Published December 18, 2019 9:53AM (EST)

Senate Majority Leader Mitch McConnell (R-KY) (Getty/Tom Brenner)
Senate Majority Leader Mitch McConnell (R-KY) (Getty/Tom Brenner)

Correction: An earlier version of this article cited the Constitution. This has been corrected to Senate rules.

Senate Majority Leader Mitch McConnell told reporters Tuesday that he will not act as an "impartial juror" during the Senate impeachment trial of President Donald Trump.

"I'm not an impartial juror. This is a political process. There's nothing judicial about it. Impeachment is a political decision," said McConnell, R-Ky. "The House made a partisan political decision to impeach. I would anticipate we will have a largely partisan outcome in the Senate. I'm not impartial about this at all."

The Republican leader has made clear that he hopes the Senate will acquit the president as quickly as possible. He previously indicated that he is "in total coordination with the White House counsel's office" and is "taking my cues from the president's lawyers."

McConnell's remarks are significant, because, according to Senate rules, lawmakers in the upper chamber must take an oath pledging to act as an "impartial justice" before engaging in an impeachment trial.

The senator from Kentucky rejected a call from his Democratic counterpart earlier Tuesday to simultaneously agree to witnesses and the rules of the likely trial. Speaking on the Senate floor, McConnell called Sunday's request by Senate Minority Leader Chuck Schumer "dead wrong." He described the House's case against Trump as "deficient," adding that the Senate would not volunteer its time for a "fishing expedition."

McConnell's remarks on the Senate floor came in response to a letter from Schumer declaring that Senate Democrats wanted to hear testimony from four administration witnesses who have not previously testified in the inquiry: former national security adviser John Bolton, acting White House chief of staff Mick Mulvaney, senior adviser to the acting White House chief of staff Robert Blair and Office of Management and Budget official Michael Duffey. Mulvaney, Blair and Duffey defied subpoenas from House committees, while Bolton, who was not subpoenaed, has said he would fight one in court.

Schumer also called for the Senate to subpoena documents blocked by the Trump administration, which could shed light on the events at the heart of the charges against Trump: his effort to solicit Ukrainian President Volodymyr Zelensky to investigate his political rivals and his decision to temporarily withhold nearly $400 million in military aid to Ukraine.

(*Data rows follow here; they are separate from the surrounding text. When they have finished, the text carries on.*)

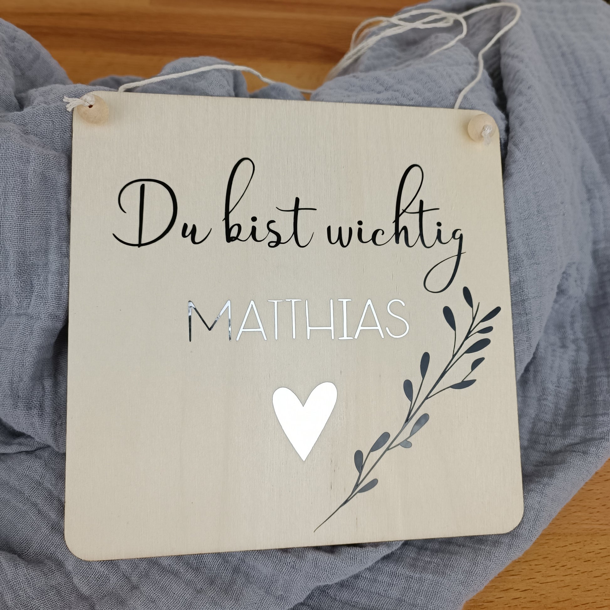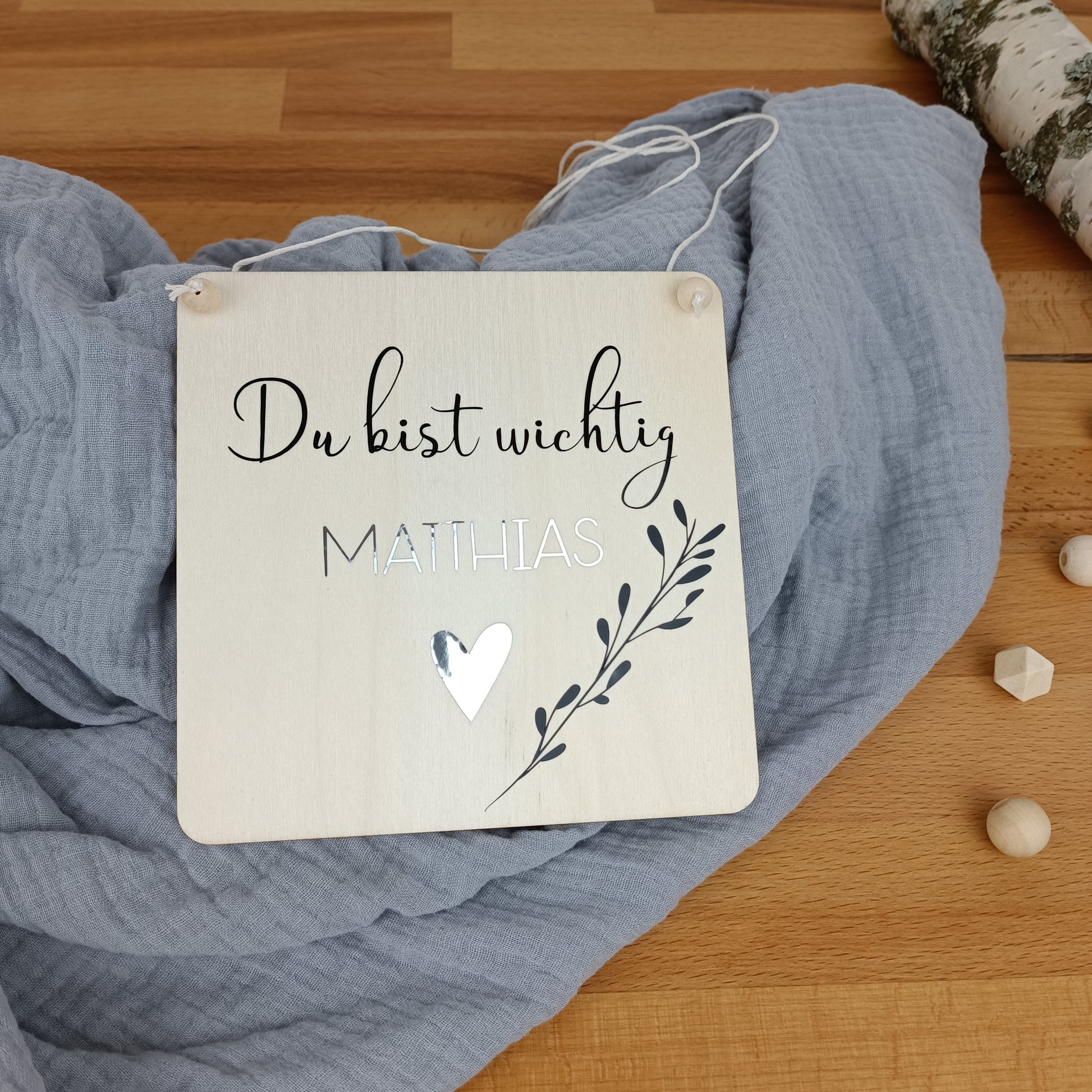 -> Holzschild mit Spruch und Namen
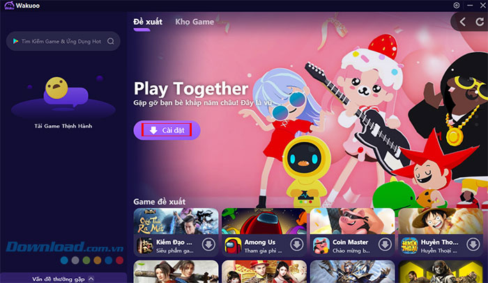 Bước 6: Giao diện chính của Wakuoo sẽ xuất hiện với vô số trò chơi. Mọi người có thể nhấn vào tab Kho game để xem các danh mục như Game Hot, Game Mới, Ứng dụng Hot. Nhấn vào Cài đặt để tải về bất kỳ ứng dụng nào.
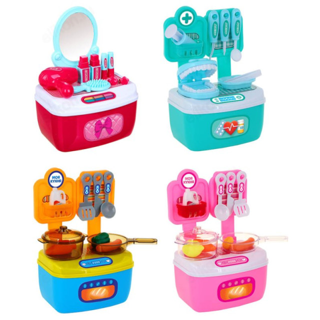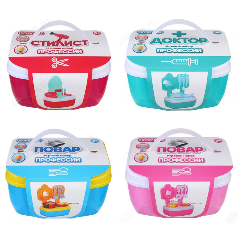 Ребенок хочет попробовать себя в роли повара, врача, а может быть, стилиста? Подарите ему Игровой набор Профессии от Игроленд. Набор Мини собирается в компактный чемодан и содержит 18 тематических предметов. Все элементы выполнены из высокопрочного ABS-пластика. Игровая мастерская поможет ребенку познакомиться с профессиями и обрести новые интересы. Прекрасный и полезный подарок для мальчиков и девочек.
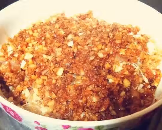 用適量的油炒蒜末至金黃色。慢慢炒,別著急。最後加一勺蒸魚豉油炒勻後出鍋。
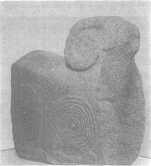 东汉。高95厘米。山东省临沂县石羊岭发现。北京故宫博物院藏。利用矩形石料的天然形态稍加雕造而成。羊长犄内卷,小嘴前突,仰面朝天,端正卧伏,憨态十足。内屈的四腿以数重同心圆表示,颇具装饰的味道。此羊与故宫博物院陈列的另一只羊为一对,胸前分别刻以“孝子孙侯”, “永和五年”(公元140年)和“孙仲乔所作羊”等字。似此有确切纪年、营造者和雕刻工匠姓名的石雕作品颇为少见,这些铭记为研究我国古代石刻艺术史,提供了重要的资料。
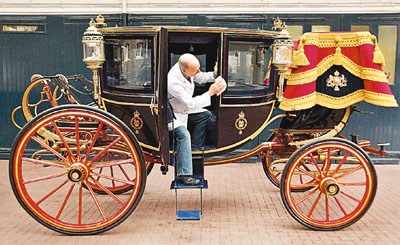 威廉和凱蒂婚禮當天極可能下雨,王室職員在擦拭玻璃馬車以備隨時使用。
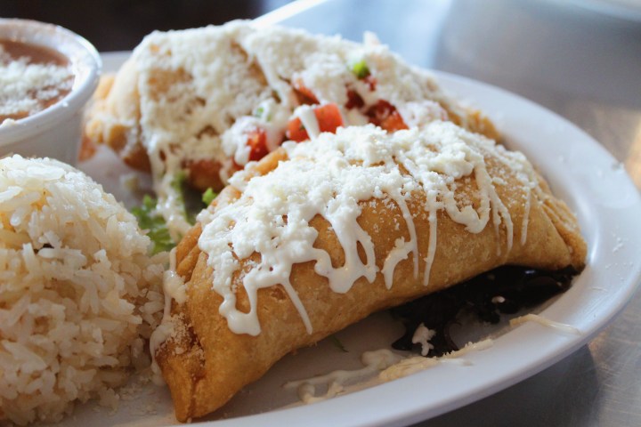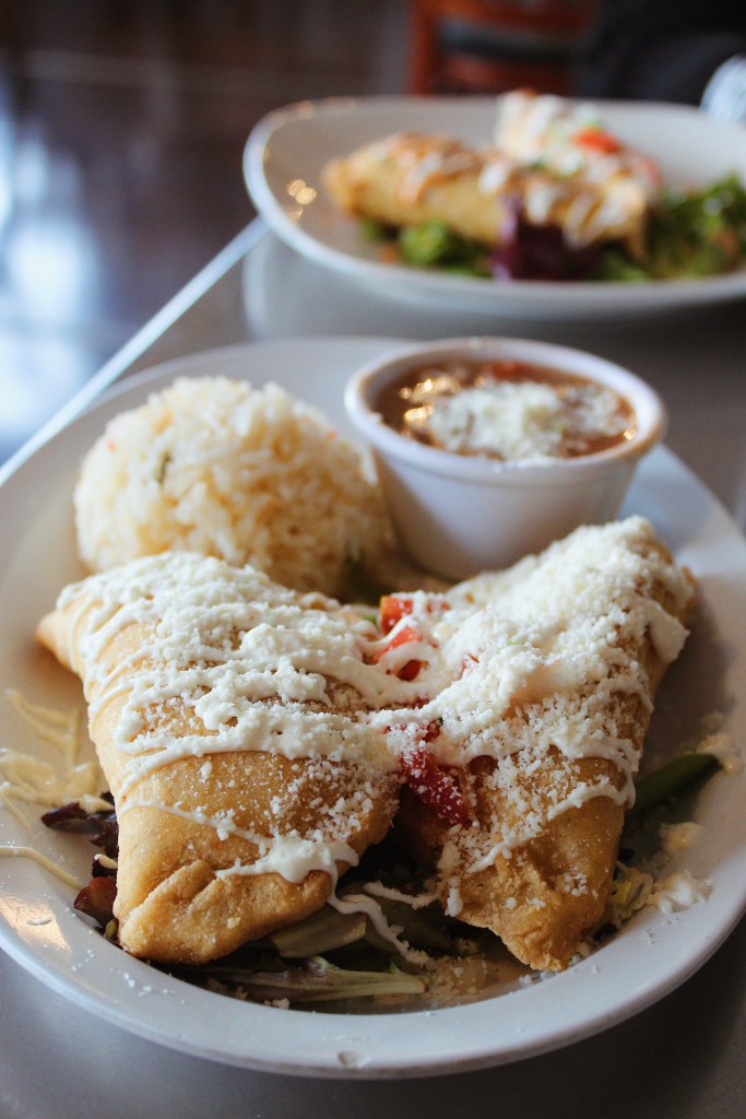 Next up, we got the Empanada entree. The empanadas are made of fresh, handmade corn masa (dough) and filled with poblano chicken and Oaxaca/jack melted cheese, then fried until crispy then topped with lettuce, pico de gallo, sour cream and cotija cheese. Served with rice and beans. You can also order them with carnitas. Again, fried dough is always a win, and you get a nice thick layer with empanadas. I really want to call out the rice! It was so soft and flavorful.

McConnell criticized House Democrats on Tuesday for declining to go to court to enforce subpoenas for testimony from witnesses who refused to testify, calling their inquiry "the most rushed, least thorough and most unfair impeachment trial in modern history." He claimed that Schumer wanted to hear testimony from those officials, because House Democrats "failed to come anywhere near the bar for impeaching a duly-elected president."

"It is not the Senate's job to leap into the breach and search desperately for ways to 'get to to guilty,'" McConnell said. "The Senate is meant to act as judge and jury — to hear a trial. Not to re-run the entire fact-finding investigation, because angry partisans rushed sloppily through it."

The battle between the two leaders over the structure of the Senate impeachment trial is certain to complicate bipartisan negotiations over the ground rules. Though both McConnell and Schumer have indicated they want to follow the five-week trial of President Bill Clinton in 1999, they have very different views about how to do so. With the House of Representatives expected to vote to impeach Trump on Wednesday, triggering a Senate trial, senators across the aisle hope party leaders can at least strike a deal on basics like when the trial will start and how much time will exist for debate.

The Republican majority ultimately has the power to set the trial rules without Democratic votes, but it will require unity from 51 members of the 53-member majority. In 1999, the Senate approved a resolution establishing the rules of floor proceedings 100-0 followed by a vote along party lines to subpoena witnesses.

The Senate requires a two-third majority, or 67 votes, to remove a president from office. The GOP holds a 53-47 advantage, which means 20 Senate Republicans would need to break from Trump in order to convict him in a Senate trial, assuming every Democrat votes to remove him from office.